● **RECORDED DATA**
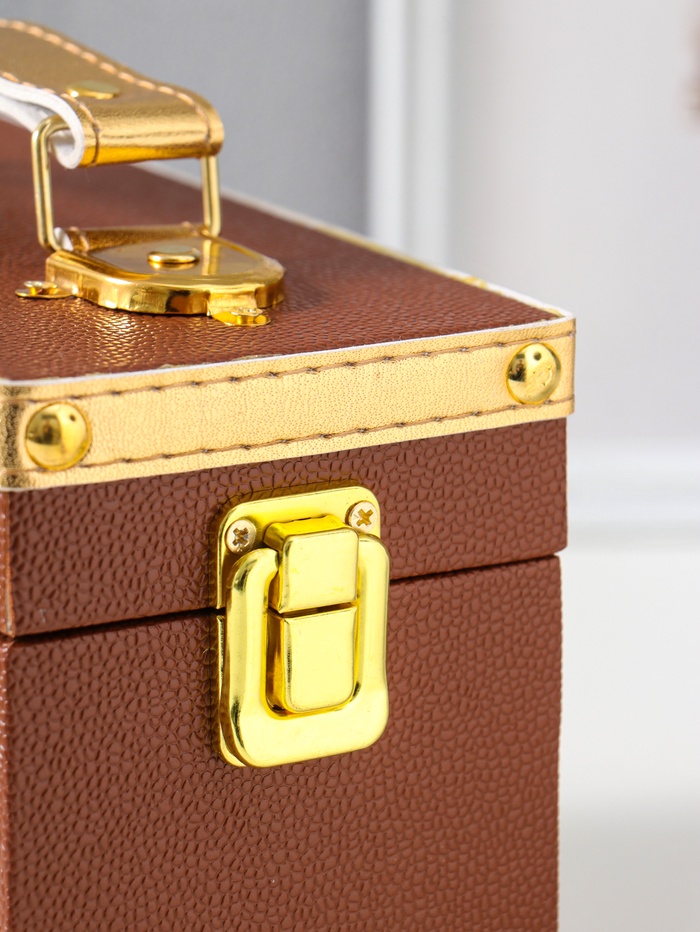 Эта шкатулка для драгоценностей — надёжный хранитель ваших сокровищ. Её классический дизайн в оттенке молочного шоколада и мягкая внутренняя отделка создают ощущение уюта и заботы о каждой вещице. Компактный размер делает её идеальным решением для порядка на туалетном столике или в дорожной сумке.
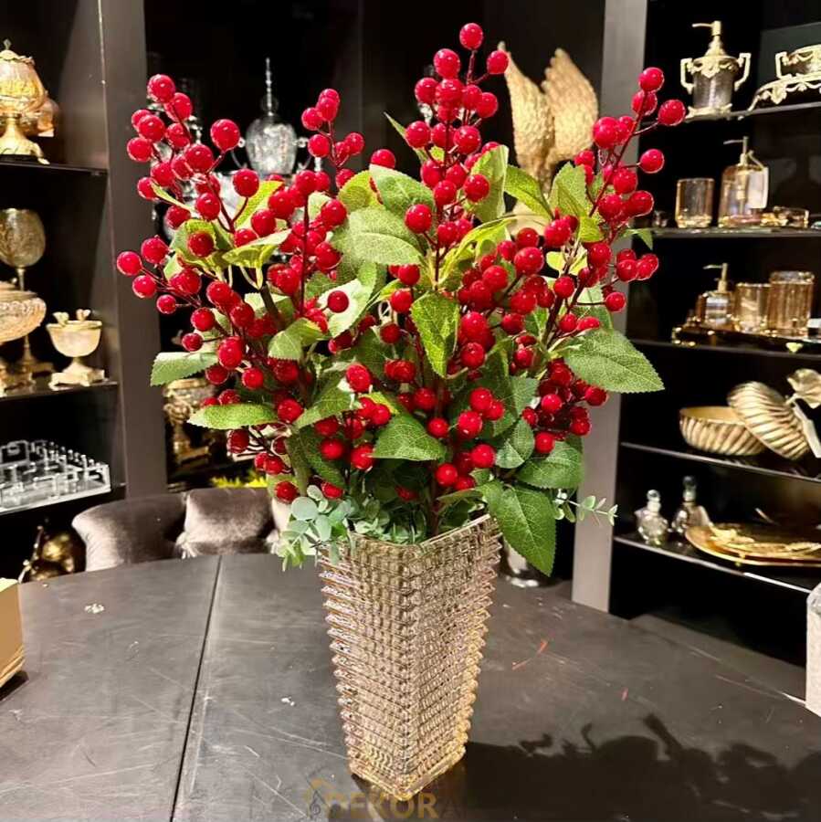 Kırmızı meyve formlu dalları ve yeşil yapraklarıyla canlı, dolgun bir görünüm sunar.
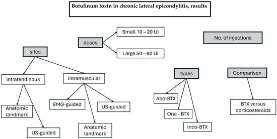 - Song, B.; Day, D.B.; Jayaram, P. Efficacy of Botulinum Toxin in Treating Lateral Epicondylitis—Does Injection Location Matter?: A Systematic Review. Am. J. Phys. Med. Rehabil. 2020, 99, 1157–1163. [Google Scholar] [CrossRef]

● **WHAT THE EXERCISE ASKS**
The answer should consist only of the lines from the line with "Kırmızı meyve formlu" through the last line of the data, repeated exactly; pictures stay out.

● **RESPONSE TO THIS EXERCISE**
 Kırmızı meyve formlu dalları ve yeşil yapraklarıyla canlı, dolgun bir görünüm sunar.
 - Song, B.; Day, D.B.; Jayaram, P. Efficacy of Botulinum Toxin in Treating Lateral Epicondylitis—Does Injection Location Matter?: A Systematic Review. Am. J. Phys. Med. Rehabil. 2020, 99, 1157–1163. [Google Scholar] [CrossRef]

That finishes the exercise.